Accessing csv file in Azure blob storage via Rstudio Server with Sparklyr spark_read_csv()

I have provisioned an Azure HDInsight cluster type ML Services (R Server), operating system Linux, version ML Services 9.3 on Spark 2.2 with Java 8 HDI 3.6.

Within Rstudio Server I am trying to read in a csv file from my blob storage.

origins <- file.path("wasb://MYDefaultContainer@MyStorageAccount.blob.core.windows.net",
                     "user/RevoShare")
df2 <- spark_read_csv(sc,
                     path = origins,
                     name = 'Nov-MD-Dan',
                     memory = FALSE)

When I run this I get the following error

Error: java.lang.IllegalArgumentException: invalid method csv for object 235
	at sparklyr.Invoke$.invoke(invoke.scala:122)
	at sparklyr.StreamHandler$.handleMethodCall(stream.scala:97)
	at sparklyr.StreamHandler$.read(stream.scala:62)
	at sparklyr.BackendHandler.channelRead0(handler.scala:52)
	at sparklyr.BackendHandler.channelRead0(handler.scala:14)
	at io.netty.channel.SimpleChannelInboundHandler.channelRead(SimpleChannelInboundHandler.java:105)
	at io.netty.channel.AbstractChannelHandlerContext.invokeChannelRead(AbstractChannelHandlerContext.java:308)
	at io.netty.channel.AbstractChannelHandlerContext.fireChannelRead(AbstractChannelHandlerContext.java:294)
	at io.netty.handler.codec.MessageToMessageDecoder.channelRead(MessageToMessageDecoder.java:103)
	at io.netty.channel.AbstractChannelHandlerContext.invokeChannelRead(AbstractChannelHandlerContext.java:308)
	at io.netty.channel.AbstractChannelHandlerContext.fireChannelRead(AbstractChannelHandlerContext.java:294)
	at io.netty.handler.codec.ByteToMessageDecoder.channelRead(ByteToMessageDecoder.java:244)
	at io.netty.channel.AbstractChannelHandlerContext.invokeChannelRead(AbstractChannelHandlerContext.java:308)
	at io.netty.channel.AbstractChannelHandlerContext.fireChannelRead(AbstractChannelHandlerContext.java:294)
	at io.netty.channel.DefaultChannelPipeline.fireChannelRead(DefaultChannelPipeline.java:846)
	at io.netty.channel.nio.AbstractNioByteChannel$NioByteUnsafe.read(AbstractNioByteChannel.java:131)
	at io.netty.channel.nio.NioEventLoop.processSelectedKey(NioEventLoop.java:511)
	at io.netty.channel.nio.NioEventLoop.processSelectedKeysOptimized(NioEventLoop.java:468)
	at io.netty.channel.nio.NioEventLoop.processSelectedKeys(NioEventLoop.java:382)
	at io.netty.channel.nio.NioEventLoop.run(NioEventLoop.java:354)
	at io.netty.util.concurrent.SingleThreadEventExecutor$2.run(SingleThreadEventExecutor.java:111)
	at io.netty.util.concurrent.DefaultThreadFactory$DefaultRunnableDecorator.run(DefaultThreadFactory.java:137)
	at java.lang.Thread.run(Thread.java:748)

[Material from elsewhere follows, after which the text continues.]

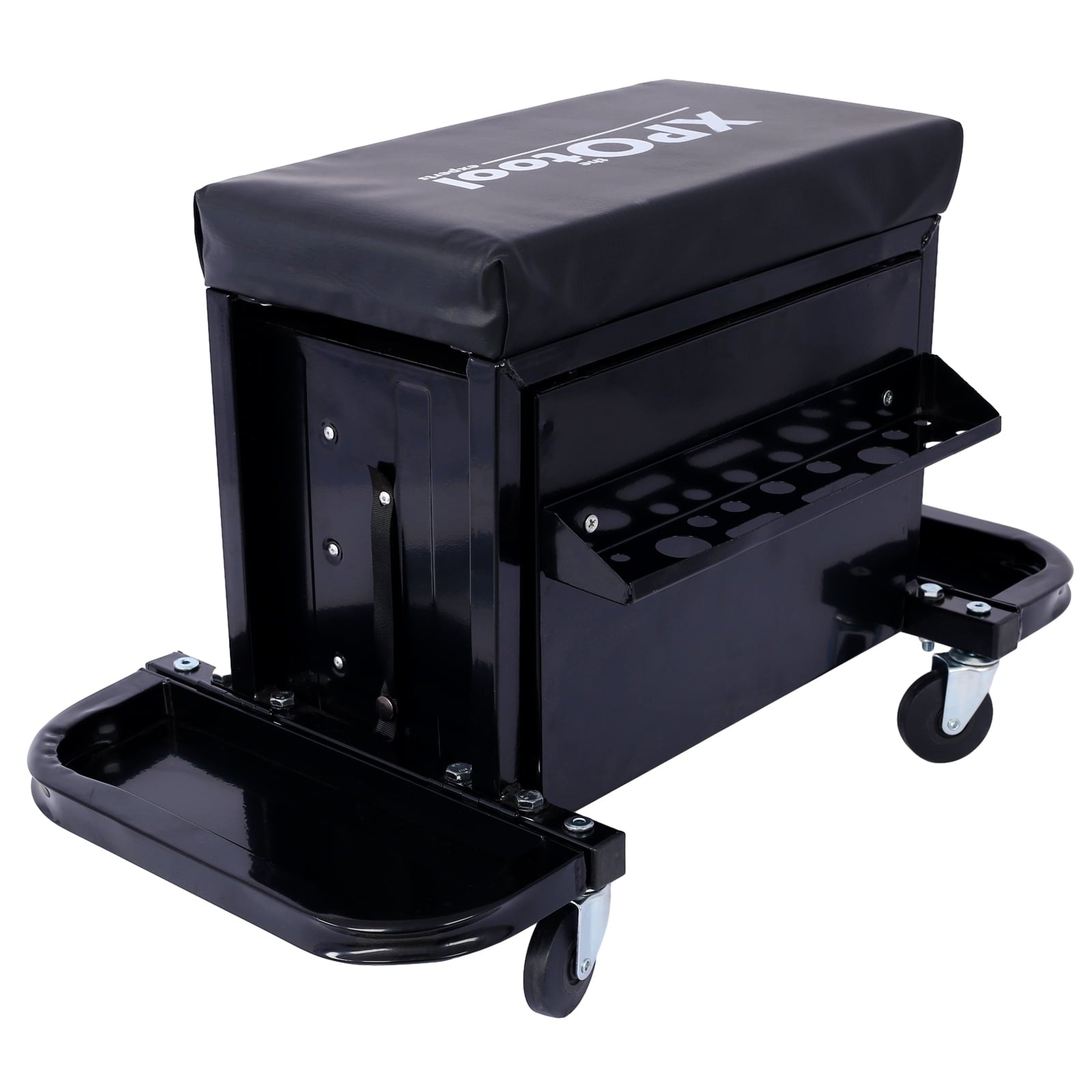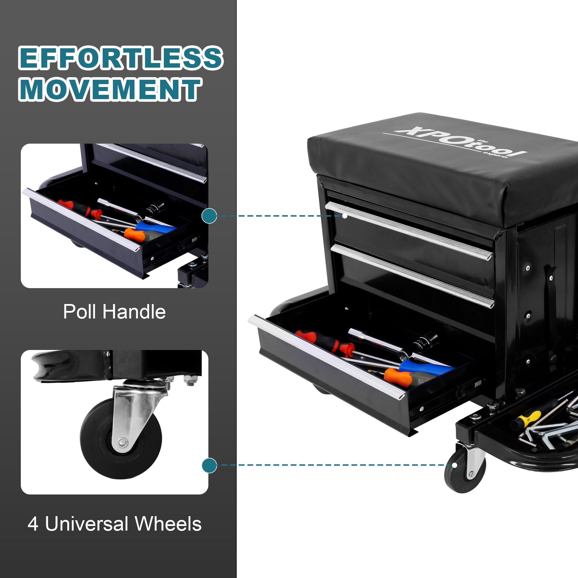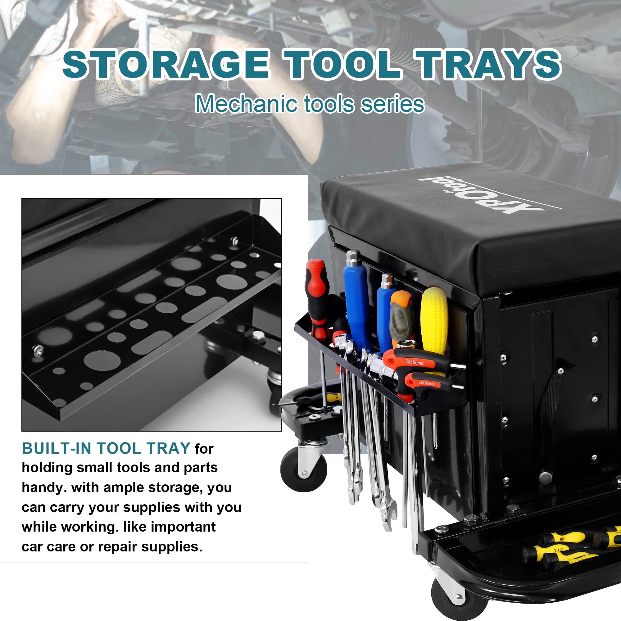 The Aukfa Garage Glider combines the functionality of a mechanic stool and a tool box. With a comfortable vinyl-protected cushion, swiveling casters, and foldable magnetic trays can organize screws and bolts, it offers a smooth and convenient experience in the garage/workshop. The Aukfa Rolling Tool Chest Seat provides organized storage with three drawers and foldable magnetic trays. Crafted from high-quality cold-rolled steel and coated with an anti-corrosion paint surface, this tool chest seat is both waterproof and rustproof. With four swivel casters, it ensures easy maneuverability, providing an ideal solution for keeping tools secure and easily accessible.

Any help would be awesome!

Here are the connection settings I am using


Sys.setenv(SPARK_HOME="/usr/hdp/current/spark-client")
Sys.setenv(YARN_CONF_DIR="/etc/hadoop/conf")
Sys.setenv(HADOOP_CONF_DIR="/etc/hadoop/conf")
Sys.setenv(SPARK_CONF_DIR="/etc/spark/conf")

options(rsparkling.sparklingwater.version = "2.2.28")
library(sparklyr)
library(dplyr)
library(h2o)
library(rsparkling)

sc <- spark_connect(master = "yarn-client",
                    version = "2.2.0")

This worked just fine for me in Azure HDInsights with RStudio Server (default settings in HDInsights)

library(sparklyr)
sc <- spark_connect(master = "yarn")

# iris.csv manually uploaded through Azures S3 portal
origins <- file.path("wasb://sparklyr-test-2018-11-17t17-40-50-339z@javiersparklyr.blob.core.windows.net/user/sshuser/iris.csv")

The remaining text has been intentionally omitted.